HANOVER, N.H. - Young people across the United States who smoke electronic cigarettes are considerably more likely to start smoking traditional cigarettes within a year than their peers who do not smoke e-cigarettes, according to an analysis led by the University of Pittsburgh Center for Research on Media, Technology, and Health and the Dartmouth-Hitchcock Norris Cotton Cancer Center. The study is the first to assess this relationship in a nationwide sample and to include people older than 18.
The results, to be published online Sept. 8 and in the November print issue of JAMA Pediatrics, are timely as the U.S. Food and Drug Administration considers how to regulate e-cigarettes, which are easier for adolescents to purchase and, in many respects, more attractive to young people than traditional cigarettes.
"E-cigarettes are not subject to many laws that regulate traditional cigarettes, such as age limits on sales, taxation and labeling requirements. They also come in youth-oriented flavorings that laws have limited in traditional cigarettes, such as apple bubble gum and chocolate candy cane," said lead author Brian Primack, M.D., Ph.D., director of CRMTH and assistant vice chancellor for health and society in Pitt's Schools of the Health Sciences.
James Sargent, M.D., professor of pediatrics at Dartmouth's Geisel School of Medicine and senior author on the study, adds: "It also is notable that electronic cigarettes are marketed on television. This represents the first time in more than 40 years that a smoking-related device has been advertised on this medium, which has tremendous reach and could drive appeal of these products among youth."
For the current publication, the research team analyzed data on a national sample of nearly 700 16- to 26-year-old nonsmokers surveyed in 2012 and again in 2013 through the Dartmouth Media, Advertising, and Health Study. All participants were considered "non-susceptible" to initiating traditional cigarette smoking at the beginning of the study, because they had responded "definitely no" when asked if they would try a cigarette offered by a friend or believed they would smoke a cigarette within the next year.
By the next year, 38 percent of the baseline e-cigarette users had initiated traditional cigarette smoking. In comparison, only 10 percent of the youths who were not baseline e-cigarette users started smoking traditional cigarettes.

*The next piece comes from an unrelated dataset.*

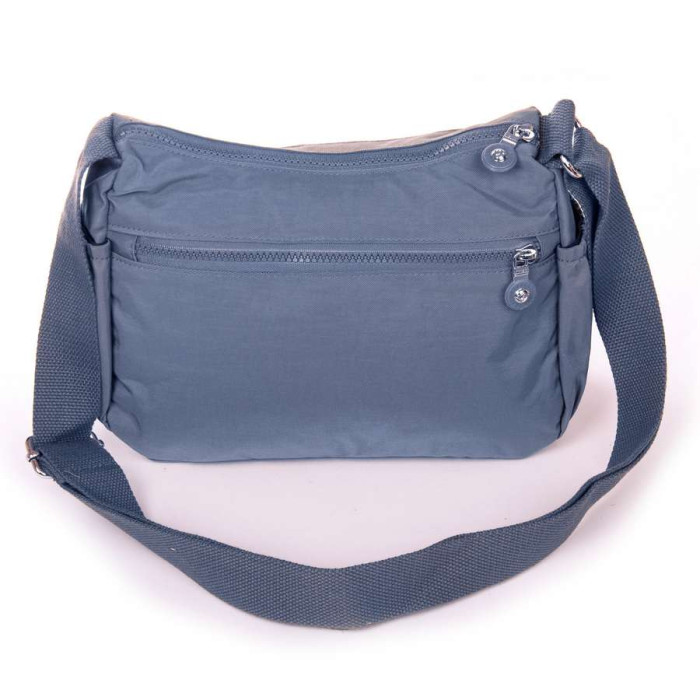Жіноча сумка крос боді. Виготовлена ​​з водовідштовхувального текстилю. Подвійне відділення закривається на блискавку. Усередині є кишеня-перегородка на блискавці та бічна кишеня на блискавці. На фасаді розташовані три великі кишені на блискавці, а на звороті знаходиться одна містка кишеня на блискавці. На торцях сумочки є невеликі кишені на резинці.

"These differences remained statistically significant and robust even when we controlled for multiple known risk factors for initiating cigarette smoking, such as age, sex, race, ethnicity, socioeconomic status, sensation seeking, parental smoking and friend smoking," Primack said.
In the manuscript, Primack, Sargent and their team theorize why e-cigarette smoking may serve as a gateway to traditional cigarette smoking, including:
- E-cigarettes deliver nicotine more slowly than traditional cigarettes, allowing a new user to advance to cigarette smoking as he or she becomes tolerant of nicotine side effects.
- Unlike other forms of nicotine, such as smokeless tobacco, e-cigarettes are designed to mimic the behavioral and sensory act of cigarette smoking, allowing the user to become accustomed to the act of smoking.
- E-cigarettes are not subject to the same regulations as traditional cigarettes, potentially renormalizing the act of smoking after decades of public health efforts to shift public norms around smoking.
Regulating e-cigarettes is controversial because they are sometimes used as harm reduction tools by established smokers.
"However, recent data suggest that more youth than ever are using e-cigarettes and that as many half of these adolescents are not smoking traditional cigarettes," Sargent said. "Therefore, it is important to continue surveillance of both e-cigarettes and tobacco products among young people so policymakers can establish research-informed regulations to help prevent e-cigarettes from becoming gateway products on the road to youth smoking."
Additional authors on this research are Samir Soneji, Ph.D., of The Dartmouth Institute for Health Policy and Clinical Practice; Michael Stoolmiller, Ph.D., of the University of Oregon; and Michael J. Fine, M.D., M.Sc., of Pitt and the VA Pittsburgh Healthcare System.
This research was supported by National Cancer Institute grants R01-CA077026, R01-CA140150 and R21-CA185767, and National Center for Advancing Translational Sciences grant KL2-TR001088.